# Non-plant eating snails?



## flynngriff (Jan 19, 2005)

Anybody know of a variety of snail that won't eat live plants? I'm setting up a betta tank and I want to plant it, but it won't be large enough for any other type of algae eater.

Thanks!


----------



## Fishfirst (Jan 24, 2005)

Some common ramshorn snails won't eat healthy plants. But will often feed on dying or struggling ones.


----------



## DJ (Feb 20, 2005)

you could just get apple snails,,, "Prefers dead and rotting plants and artificial foods like fish food; doesn't eat healthy plants unless no other food is available. This makes the Pomacea bridgesii snail a good choice for planted aquaria." - www.applesnail.net -


----------



## DJ (Feb 20, 2005)

at walmart- golden mysteries


----------



## shev (Jan 18, 2005)

Malaysian trumpet snails.


----------



## Damon (Jan 18, 2005)

All good choices and all are effective. Note than the mystery snail is in the same family as the apple snail. Some think they are the same. MTS are heavy breeders and can overrun a tank in a week or 2 unless kept in check.


----------



## flynngriff (Jan 19, 2005)

Thanks everybody!


----------



## MyraVan (Jan 19, 2005)

P. bridgesii (non-plant-eating apple snails) are quite cool, but are not the best at eating algae. For that you want a nerite snail, see the bottom of this page:
http://www.applesnail.net/content/snails_various.php
I have a little tank with one P. bridgesii and one nerite.

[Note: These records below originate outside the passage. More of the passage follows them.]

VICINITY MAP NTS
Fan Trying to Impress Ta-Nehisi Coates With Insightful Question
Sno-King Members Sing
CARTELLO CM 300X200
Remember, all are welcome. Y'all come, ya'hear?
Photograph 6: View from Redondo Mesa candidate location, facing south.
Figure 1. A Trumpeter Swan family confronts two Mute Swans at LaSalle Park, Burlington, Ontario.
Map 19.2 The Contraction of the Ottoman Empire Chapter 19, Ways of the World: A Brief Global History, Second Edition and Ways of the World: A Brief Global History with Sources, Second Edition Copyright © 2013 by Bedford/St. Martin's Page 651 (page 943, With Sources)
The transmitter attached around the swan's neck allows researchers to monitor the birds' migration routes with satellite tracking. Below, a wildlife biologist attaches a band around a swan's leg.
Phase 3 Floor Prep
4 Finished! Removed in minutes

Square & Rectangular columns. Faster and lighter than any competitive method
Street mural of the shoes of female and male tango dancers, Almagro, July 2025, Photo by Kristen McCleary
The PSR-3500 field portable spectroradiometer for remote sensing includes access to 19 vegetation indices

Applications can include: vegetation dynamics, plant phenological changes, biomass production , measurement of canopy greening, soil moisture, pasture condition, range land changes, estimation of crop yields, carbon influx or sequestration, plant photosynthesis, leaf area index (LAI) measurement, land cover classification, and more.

The applle snail prefers to eat fish food, but the nerite spends all his time roaming the glass with his teeth going. So the nerite wins for algae control, but the apple snail is much more interesting to watch, as he comes a good way out of his shell, and waves his long antennae around. The nerite stays pretty much under his shell.

Warning, though, some bettas will try to eat snails. It depends on the personality of the fish.


----------